Licensing, Authors, and Acknowledgements

  • Installation
  • Project Motivation
  • File Descriptions
  • Licensing, Authors, and Acknowledgements
  • Installation:

    Python versions 3.*.

    • Libraries:
    • Pandas.
    • numpy.
    • matplotlib.
    • seaborn.

    Project Motivation:

    "The dataset that you will be wrangling (and analyzing and visualizing) is the tweet archive of Twitter user @dog_rates, also known as WeRateDogs. WeRateDogs is a Twitter account that rates people's dogs with a humorous comment about the dog. These ratings almost always have a denominator of 10. The numerators, though? Almost always greater than 10. 11/10, 12/10, 13/10, etc. Why? Because "they're good dogs Brent." WeRateDogs has over 4 million followers and has received international media coverage."

    File Descriptions:

    "Our tasks in this project are as follows:

    *Data wrangling, which consists of: *Gathering data (downloadable file in the Resources tab in the left most panel of your classroom and linked in step 1 below). *Assessing data *Cleaning data *Storing, analyzing, and visualizing your wrangled data Reporting on 1) your data wrangling efforts and 2) your data analyses and visualizations Gathering Data for this Project Gather each of the three pieces of data as described below in a Jupyter Notebook titled wrangle_act.ipynb:

    The WeRateDogs Twitter archive.

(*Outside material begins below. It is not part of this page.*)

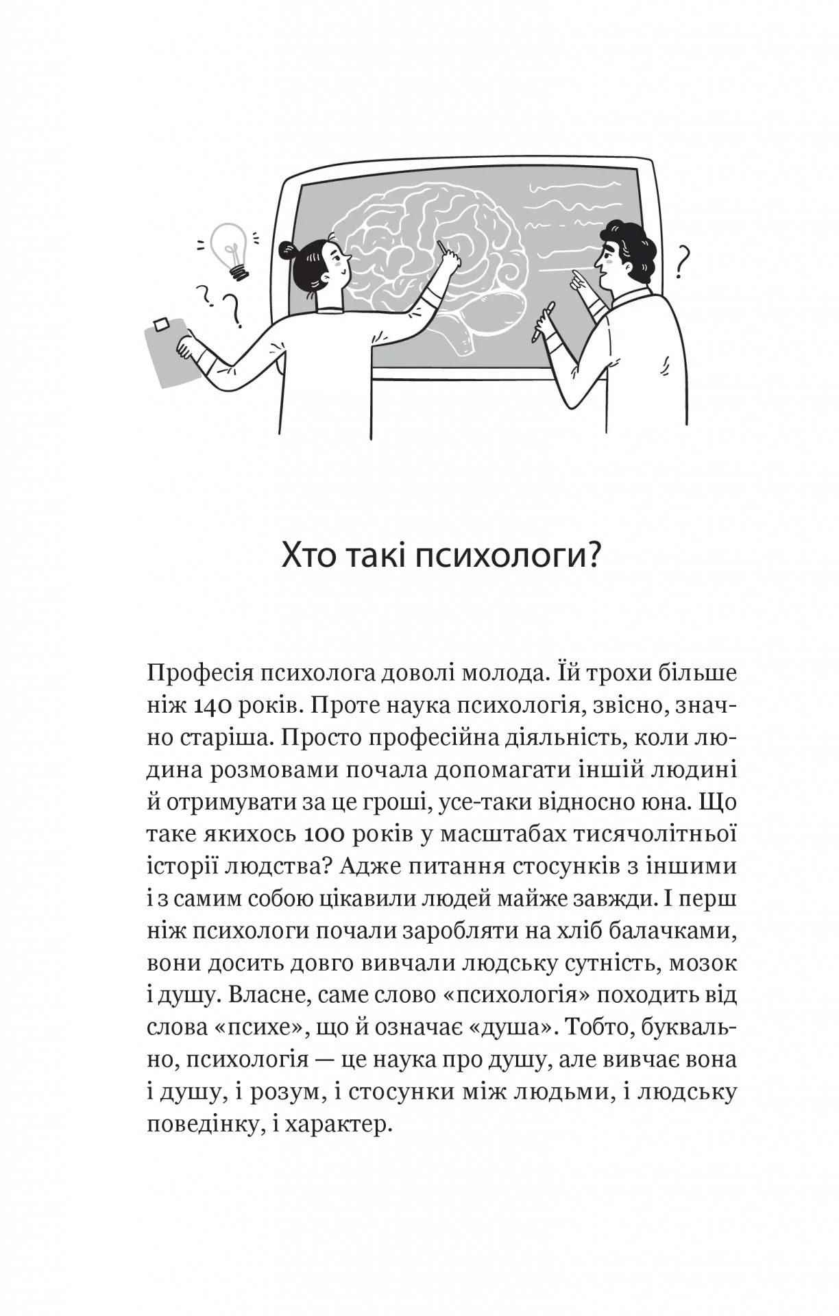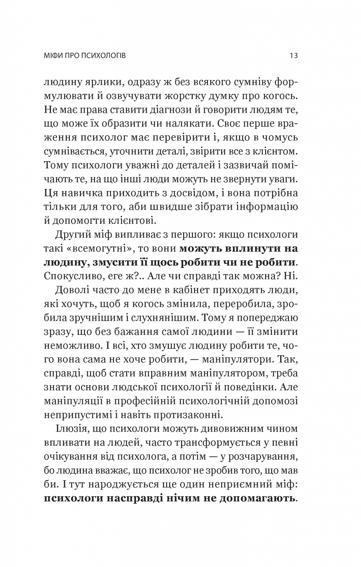 Катерина Гольцберг, психологиня з двадцятирічним досвідом, розпові дає про все, що має знати людина, яка переступає кабінет психолога і хоче отримати реальну допомогу. Описує процеси роботи, розвінчує міфи, підказує, як обрати тип психологічної допомоги, як формувати запит. Від цих знань залежить те, наскільки якісною буде допомога.

I am giving this file to you, so imagine it as a file on hand. Download this file manually by clicking the following link: twitter_archive_enhanced.csv

    The tweet image predictions, i.e., what breed of dog (or other object, animal, etc.) is present in each tweet according to a neural network. This file (image_predictions.tsv) is hosted on Udacity's servers and should be downloaded programmatically using the Requests library and the following URL: https://d17h27t6h515a5.cloudfront.net/topher/2017/August/599fd2ad_image-predictions/image-predictions.tsv

    Each tweet's retweet count and favorite ("like") count at minimum, and any additional data you find interesting. Using the tweet IDs in the WeRateDogs Twitter archive, query the Twitter API for each tweet's JSON data using Python's Tweepy library and store each tweet's entire set of JSON data in a file called tweet_json.txt file. Each tweet's JSON data should be written to its own line. Then read this .txt file line by line into a pandas DataFrame with (at minimum) tweet ID, retweet count, and favorite count. Note: do not include your Twitter API keys, secrets, and tokens in your project submission".

    Licensing, Authors, and Acknowledgements:

    The data in this repository comes from the Data analyst Nanodegree program.